You can split a spreadsheet by copying and pasting the different sections into new spreadsheets if there aren't many records. If there are lots of records, this manual approach can be pretty tiring. For splitting very large spreadsheets, most users turn to special stand-alone programs (in the Excel world) or fairly complicated macros (Excel, Open/LibreOffice Calc).

I split my spreadsheets using the GNU/Linux command line, as explained in this article. It's another of my trademark ugly hacks, but it works well and the command line steps can be combined into a script which runs fast and reliably.

#The overall plan

Here's a made-up example (screenshot 1): an accounts spreadsheet with records in date order. There are five different customers, and there are data in six fields for each record. What we're going to do is split this spreadsheet into five different spreadsheets, one for each customer.

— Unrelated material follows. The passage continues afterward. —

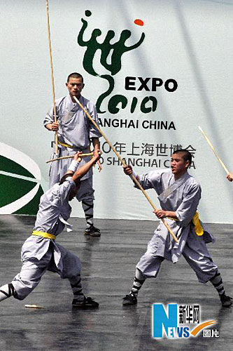 5月1日,少林武僧表演棍术。当日,上海世博园正式开园。来自河南嵩山少林寺的武僧在世博园内为游客展示少林功夫

We'll do it by first sorting the spreadsheet by customer, then adding a flag in the sorted spreadsheet to show where the customer changes. We'll then convert the sorted and flagged spreadsheet to a text file, use text-editing commands to remove the flags, create one text file for each customer, add field names to those files and rename the files with the relevant customer's name. Each of those tabbed text files can then be opened in a spreadsheet program.

Now for a step-by-step explanation...

#Get the spreadsheet ready

1. Make a working copy of the original spreadsheet. We'll be doing the hack on the copy, not the original!

2. Sort the copy of the spreadsheet on the field of interest. As shown in screenshot 2, I've sorted the example on the Account_ID field, which is field D.

3. Add the flags. Insert a new column at the far left of the spreadsheet. In the top cell of the new column, enter the formula (screenshot 3)

=if(D1=D2,0,1)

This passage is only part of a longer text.